"Perdicaris alive or Raisuli dead!"

The famous words uttered by President Theodore Roosevelt and read aloud at the 1904 Republican national convention, when the American citizen Ion Perdicaris was kidnapped by a gang of evil bearded, gun-toting Berber tribesman in Morocco, headed by Mulai Ahmed er Raisuli.  

       Leave it to the Greeks.

Roosevelt had seven battleships from the Atlantic fleet dispatched to the Moroccan coast, to make good his "big stick waving" policy.

Except the Greek consulate quietly let Roosevelt know that Ion Perdicaris was a Greek citizen, not an American from Trenton (although he had family there), and Roosevelt probably realized he couldn't actually send Marines into Africa anyway, and so the matter was handled "diplomatically," which is to say, the American people would not know that the kidnapper Raisuli's demands were met, $70,000 was paid for Perdicaris' release, and Roosevelt got re-nominated for a second term which he won easily in November.

In 1975 the film, "The Wind and the Lion" was made with Sean Connery as Raisuli and the role of Ion Perdicaris rewritten as "Eden" Perdicaris and played by Candace Bergen.

"As historians we've got to tell the truth about the past as far as we know it, but that's quite a different thing from searching into the truth of people's lives here and now.  All this prying and poking about into what other people prefer to keep hidden seems to me a very presumptuous and dangerous fashion."  The character Sir Edgar Iffeley in Angus Wilson's "Anglo-Saxon Attitudes."

I will not be posting tomorrow, so I thought these words worth pondering today, because sometimes I wonder whether we haven't reversed the fashion and are far more interested in private lives than the truth of history.  Not that I'm against the poking and prying, mind you, as long as we don't let those writing the past off the hook.  Because it's so hard undoing historical lies; then if you manage to, it's so often too late -- the one waving that big stick around has already been re-elected. 

As for the movie version?  Well, it bears little or no resemblance.

Just a thought.

In the meantime, yesterday Eduardo Santiago and Mark and I went to a reading of Howard Junker's writers from Zyzzyva Magazine at Skylight Books on Vermont to hear a number of wonderful writers, and then we went to the Greek Festival over at the Cathedral of St. Sophia on Normandy between Pico and Venice, sponsored by Mrs.

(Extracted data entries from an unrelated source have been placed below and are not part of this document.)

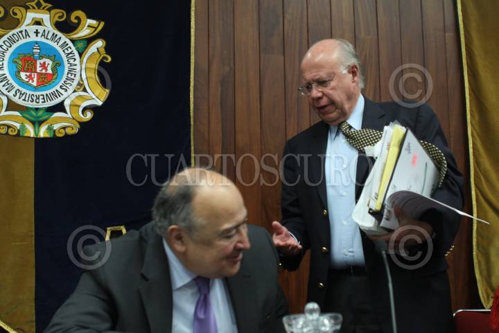 MÉXICO, D.F., 24AGOSTO2010.- José Rivera Banuet, secretario permanente del SELA y José Narro Robles, rector de la Universidad Nacional Autónoma de México (UNAM), durante la inauguración "La integración regional latinoamericana y del Caribe. Retos y perspectivas", esto en el auditorio Mario de la Cueva' de la Torre II de Humanidades en la UNAM. FOTO: MOISÉS PABLO/CUARTOSCURO.COM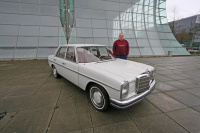 Sven Janowski ist als Aussendienstler im KFZ-Teilehandel tätig und beruflich viel auf Achse. Trotzdem gibt es für ihn nach Feierabend nichts Schöneres als in seinen vollrestaurierten 1974er W115 zu springen. Umgangssprachlich auch Strich Acht genannt. Als er den Wagen übernahm, erwartete ihn eine interessante Überraschung. Nicht nur dass der Wagen vom ersten bis zum letzten Tag in einer Mercedes-Werkstatt gewartet wurde, der Vorbesitzer hat auch jeden Papierschnipsel vom Prospekt über jede Servicerechnung bis hin zum originalen Kaufvertrag aufbewahrt. Fuhr Sven den Wagen anfangs nur selten aus der Garage um nicht so viele Kilometer abzuspulen, so hat er sich schweren Herzens zu einer regulären Nutzung entschlossen.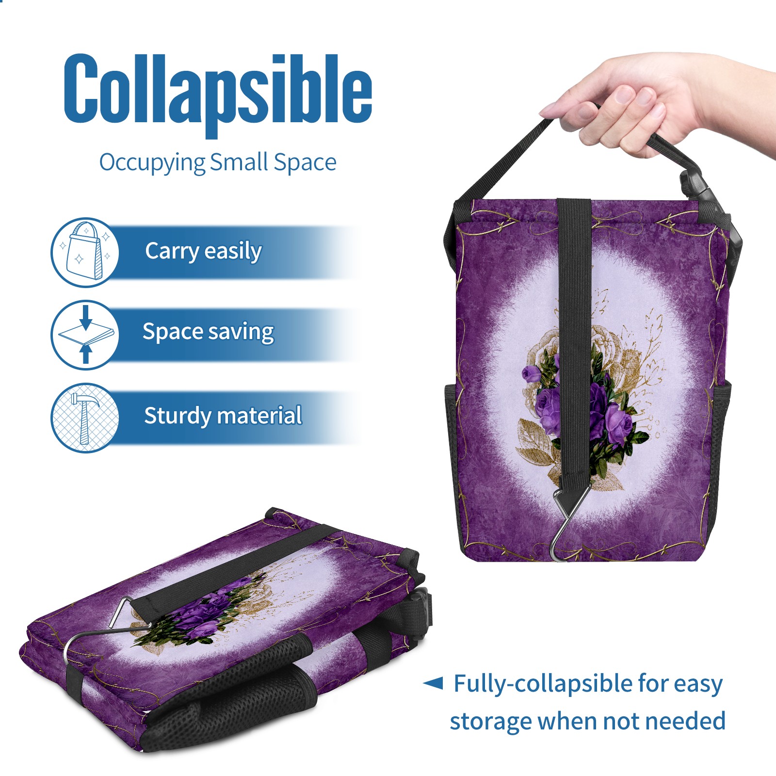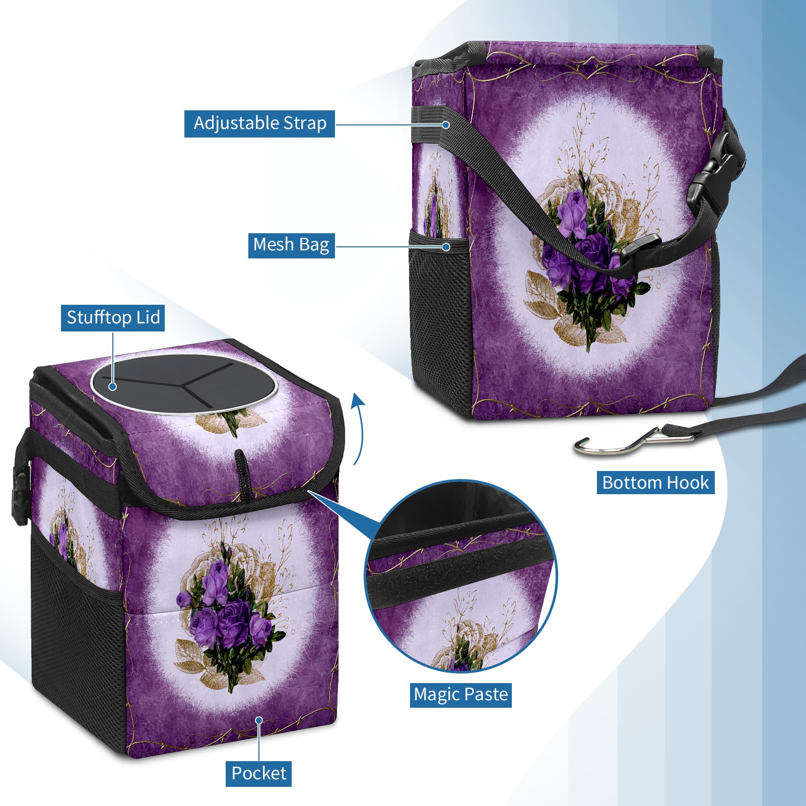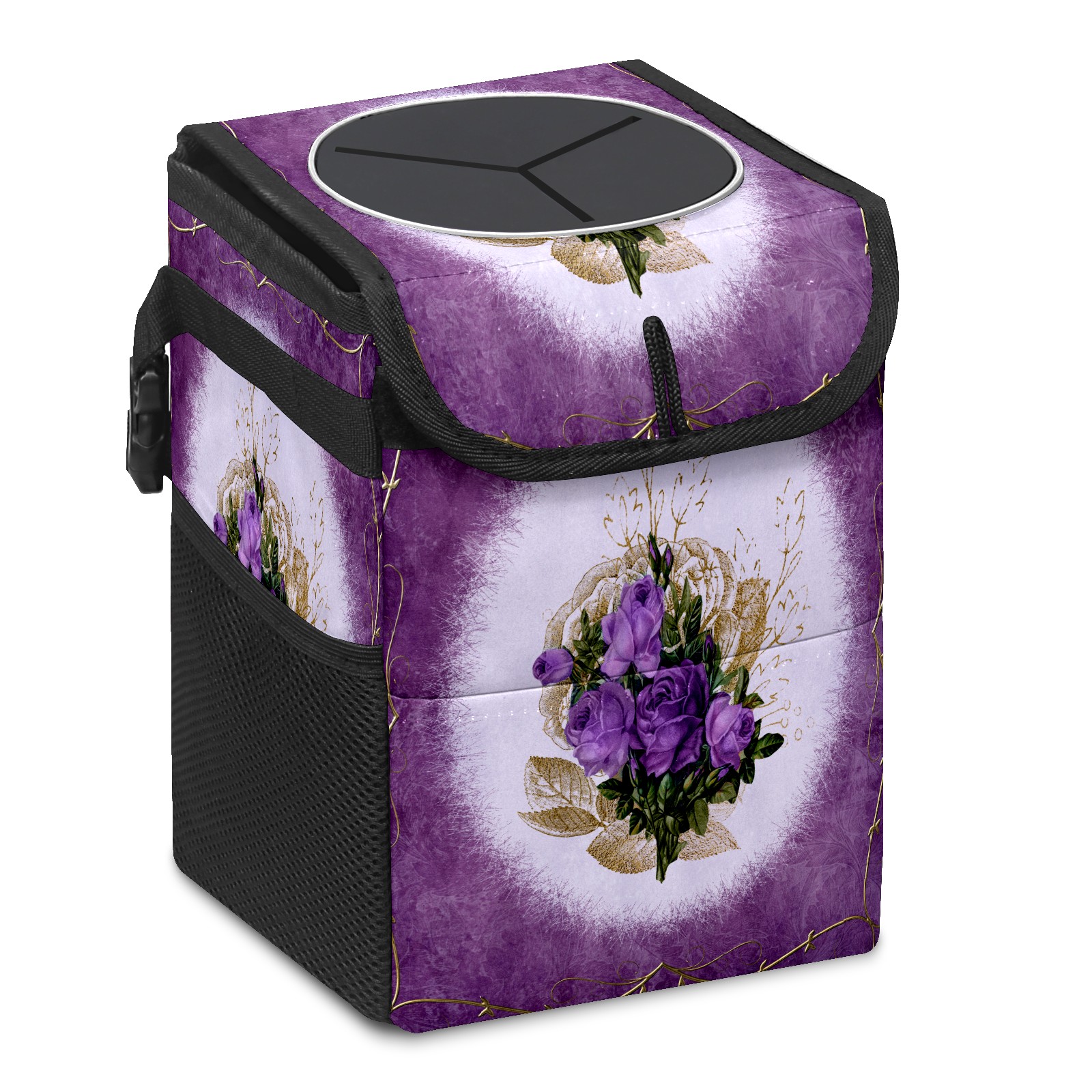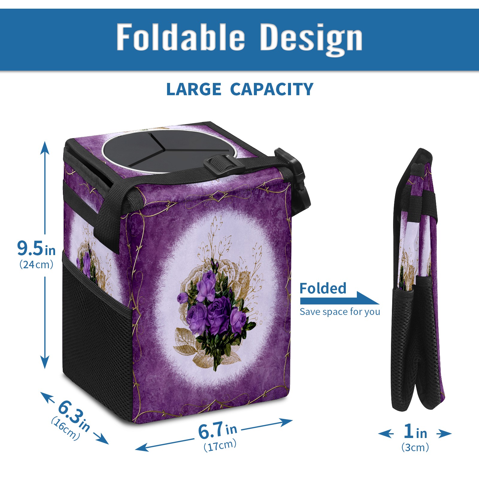 Car Garbage Can — Multi-functional, Lightweight Portable, Reusable Vehicle Trash Can, Waterproof with Sufficient Storage Capacity Vintage Purple Floral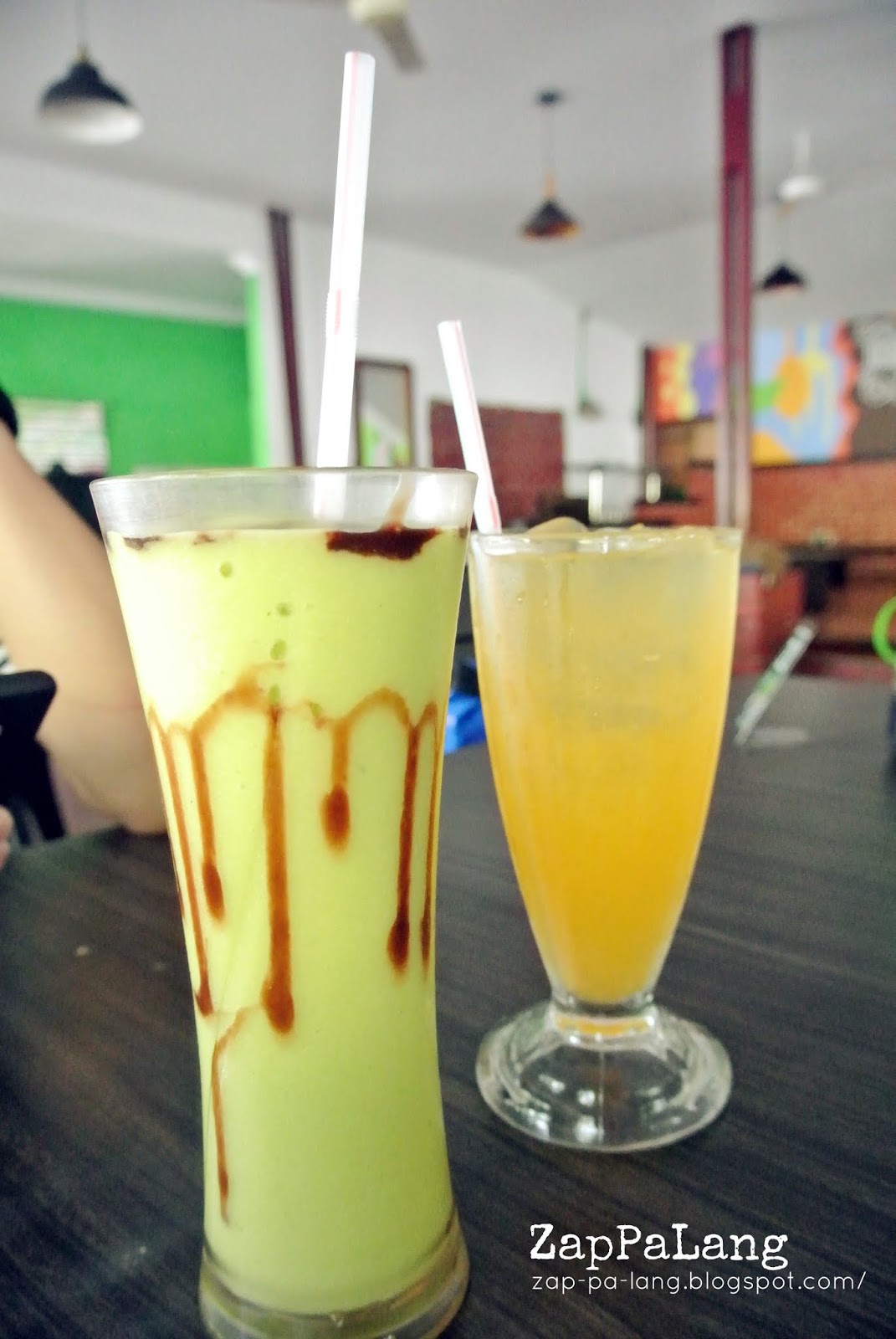 | Avocado Juice (Left)- IDR15000, Es Jeruk (Right)- 10000 | 右边的这杯其实就是我们常在泰国看到的青皮桔榨成的果汁,没有添加任何的糖,感觉很健康,不过我个人还是比较偏好橘子果汁的味道。左边的不用说就是我无条件爱上的巧克力牛油果,非常香滑,不过巧克力稍嫌不够。

Tom Hanks and the Greek community, and if you've never gone run don't walk (as William Como used to say in his After Dark movie reviews) to next year's!  The food was great, the dancing and people watching and general atmosphere extremely entertaining.  I'm told the new expression to replace "awesome" is "very reasonable" -- said like you're a very stoned surfer.  So the event was definitely [eyes half-closed now] very reasonable.

And the Cathedral is worth a visit any time -- the most divine mosaics.  And the crystal chandeliers?  Heaven
 

What did you think of this article?




Trackbacks
  • Trackbacks are closed for this post.
Comments
  • No comments exist for this post.
Leave a comment

Comments are closed.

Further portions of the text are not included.